Data to process =
=-=-=
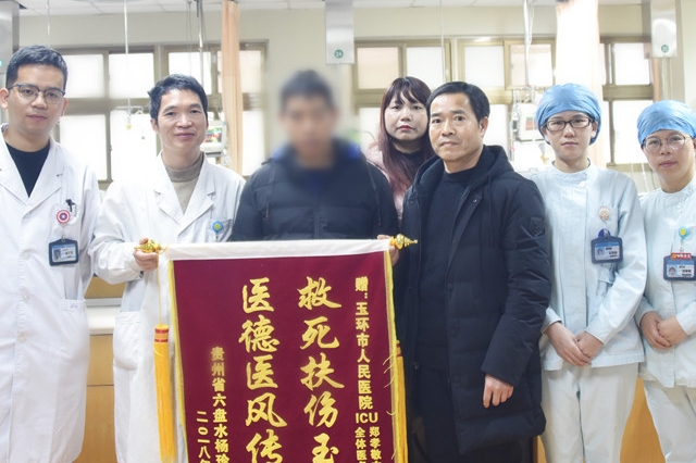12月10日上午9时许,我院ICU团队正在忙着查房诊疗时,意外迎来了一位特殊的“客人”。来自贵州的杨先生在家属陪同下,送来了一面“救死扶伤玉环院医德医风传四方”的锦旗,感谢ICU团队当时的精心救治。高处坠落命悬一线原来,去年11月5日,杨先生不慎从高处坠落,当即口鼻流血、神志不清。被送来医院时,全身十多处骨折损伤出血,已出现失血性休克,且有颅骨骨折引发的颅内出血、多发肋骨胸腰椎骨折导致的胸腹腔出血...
=-=-=
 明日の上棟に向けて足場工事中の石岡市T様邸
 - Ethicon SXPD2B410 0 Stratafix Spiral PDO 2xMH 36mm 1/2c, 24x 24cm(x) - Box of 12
=-=-=
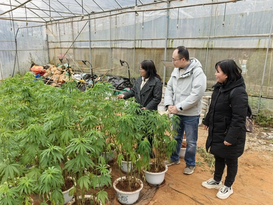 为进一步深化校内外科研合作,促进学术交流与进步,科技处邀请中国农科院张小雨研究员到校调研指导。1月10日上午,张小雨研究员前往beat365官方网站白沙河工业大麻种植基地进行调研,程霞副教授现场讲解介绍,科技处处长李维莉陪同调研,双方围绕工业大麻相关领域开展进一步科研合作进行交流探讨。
=-=-=
Exercise prompt = Restate word for word only the lines above from the line containing "明日の上棟に向けて足場工事中の石岡市T様邸" to the line containing "- Ethicon SXPD2B410", both of them included.

Output for this exercise =
 明日の上棟に向けて足場工事中の石岡市T様邸
 - Ethicon SXPD2B410 0 Stratafix Spiral PDO 2xMH 36mm 1/2c, 24x 24cm(x) - Box of 12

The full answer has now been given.